The structure of the market and the nature of the products it sells have played a role in these problems; but so too have low levels of financial capability among consumers themselves.
The new freedoms available to those with pension savings will make it all the more important that consumers are capable of making well-informed choices in an increasingly complex financial world.
The scale of the problem
Many of the complaints about retail financial services end up with the Financial Ombudsman Service, which settles disputes in this sector that cannot be resolved by firms' own complaints procedures.
In 2013/14 the FOS had nearly 2.4 million enquiries, of which 20% turned into a formal dispute. Nor were these complaints, on the whole, vexatious: more than half were resolved in favour of the consumer.
Chart 1: Number of PPI cases
PPI cases have dominated the work of the Financial Ombudsman Service in recent years: Number of new cases, thousands, financial years 2005/06 to 2013/14
Chart 2: Non-PPI cases by area of complaint
Of the non-PPI cases, the majority relate to banking and credit services (current accounts, mortgages, credit cards etc.)
non-PPI cases by area of complaint, 2013/14
The sums involved in providing consumers with redress can be colossal. The previous Government pledged £1.5 billion to compensate Equitable Life policyholders, and campaign groups want considerably more.
But even this is dwarfed by the £17.7bn in payment protection insurance (PPI) compensation paid out by November 2014.
What is it about financial services?
Consumer detriment occurs in other sectors too; but problems involving such large numbers of individuals and enormous sums of compensation are rare by comparison. What makes financial services in general, and banks in particular, so prone to scandal?

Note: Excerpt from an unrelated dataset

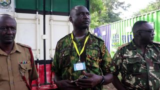 Government officials oversee the distribution of KCSE examination papers at Kiawara Police Station in Nyeri County on November 4, 2024.

Part of the problem lies in the nature of the product and the difficulty consumers face in making informed choices, and changing their mind when things go wrong. A poorly chosen car can be sold; a poorly chosen toothbrush can be discarded in favour of a different brand.
However, if someone takes out a particular mortgage, business loan or pension and it turns out to be unsuitable, the deal cannot easily be undone. Indeed, the damage is often not apparent until years after the bargain is struck.

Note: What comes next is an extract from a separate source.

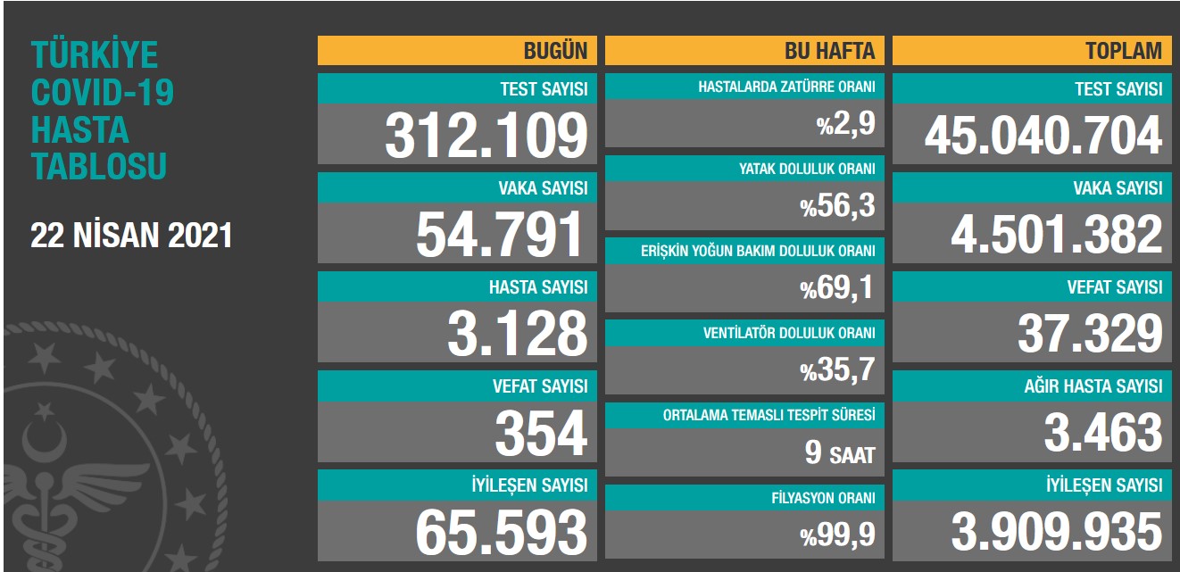 22 Nisan Perşembe günkü tabloya göre, son 24 saatte 312 bin 109 Kovid-19 testi yapıldı, 54 bin 791 kişinin Kovid-19 testi pozitif çıktı, 354 kişi yaşamını yitirdi, hasta sayısı 3 bin 128 oldu.

Another reason why the financial services sector has seen such problems at its retail face is that it is dominated by a few huge players which are seen by most consumers as being very similar, or more pejoratively as being ‘as bad as each other'.
Each of the ‘big five' banks have been implicated to varying degrees in mis-selling and misconduct. The formidable barriers to entry in retail banking mean that the scope for bad banks to be ‘punished' by new ‘challengers' is limited.
Putting it right
The principal sanction available to regulators in respect of misconduct by banks is fines. Since the financial crisis, these have got bigger. But there are limits and trade-offs: in particular, fines that are too large could damage the stability of an institution and thereby prove counterproductive.

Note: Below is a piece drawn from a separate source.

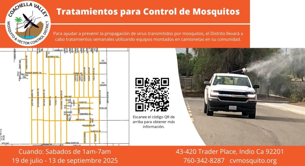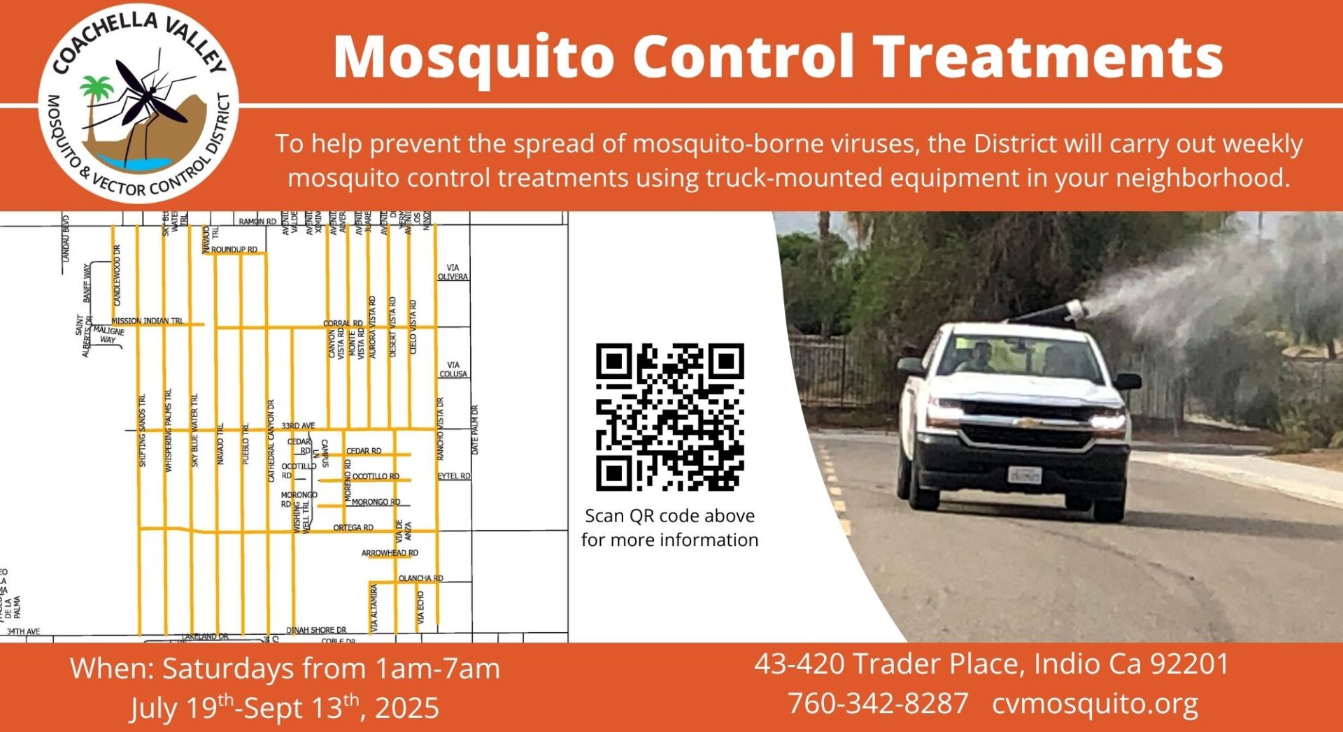 To help prevent the spread of mosquito-borne viruses, the Coachella Valley Mosquito & Vector Control District will carry out weekly mosquito control treatments using truck-mounted equipment in your neighborhood. Treatments will take place on Saturdays from 1am to 7am beginning July 19th and continuing through September 13th. For more information, please visit: Mosquito Control Treatments – Coachella Valley Mosquito and Vector Control District.

An alternative to fining institutions is to identify individuals responsible for misconduct and fine them. Changes are being made to the regulation of banks to make it easier to see where individual accountability lies when problems occur.
It remains to be seen whether this will result in more individuals being sanctioned by the regulators, and if so, whether this will change the behaviour of others.
New entrants into the banking market have been encouraged. Several new banks are now on the high street with more applications to come. The operation of the payments system is also under official review to reduce this particular barrier to entry.
The Competition and Markets Authority is conducting an investigation into retail banking, which will report in April 2016. It remains to be seen how far these developments will weaken the dominance of the largest banks.
Caveat emptor
Is regulatory intervention the only response? Looking at recent scandals from the consumer's perspective – from the self-employed people who bought PPI policies that could never pay out, to the individuals taking out payday loans they had no prospect of repaying – there is evidence not only of mis-selling and sharp practice, but also of a lack of financial capability on the part of the public.
Various policies to improve financial capability and to end financial exclusion have been promoted by successive Governments. There is the new, free, impartial Money Advice Service established by the Financial Services Act 2010, which provides basic financial guidance.
The Retail Distribution Review set up under the now replaced Financial Services Authority has aimed to improve the structure and professionalism of independent financial advisers. Is this enough?
Financial capability has become still more important now that people aged 55 and over have greater freedom about when and how to draw their defined contribution pension savings. They have the choice not only to purchase Lamborghinis and world cruises, but also an array of potentially complex financial products, many of which may be unsuitable for their needs.
The options for newly-retired individuals with inappropriate pension arrangements are neither obvious nor pain-free.
Will we get this enormous transfer of responsibility wrong or right? Will regulation in the consumer credit market and retail banking improve consumer outcomes over the next five years? Or will the Financial Ombudsman Service still be the busiest office in town?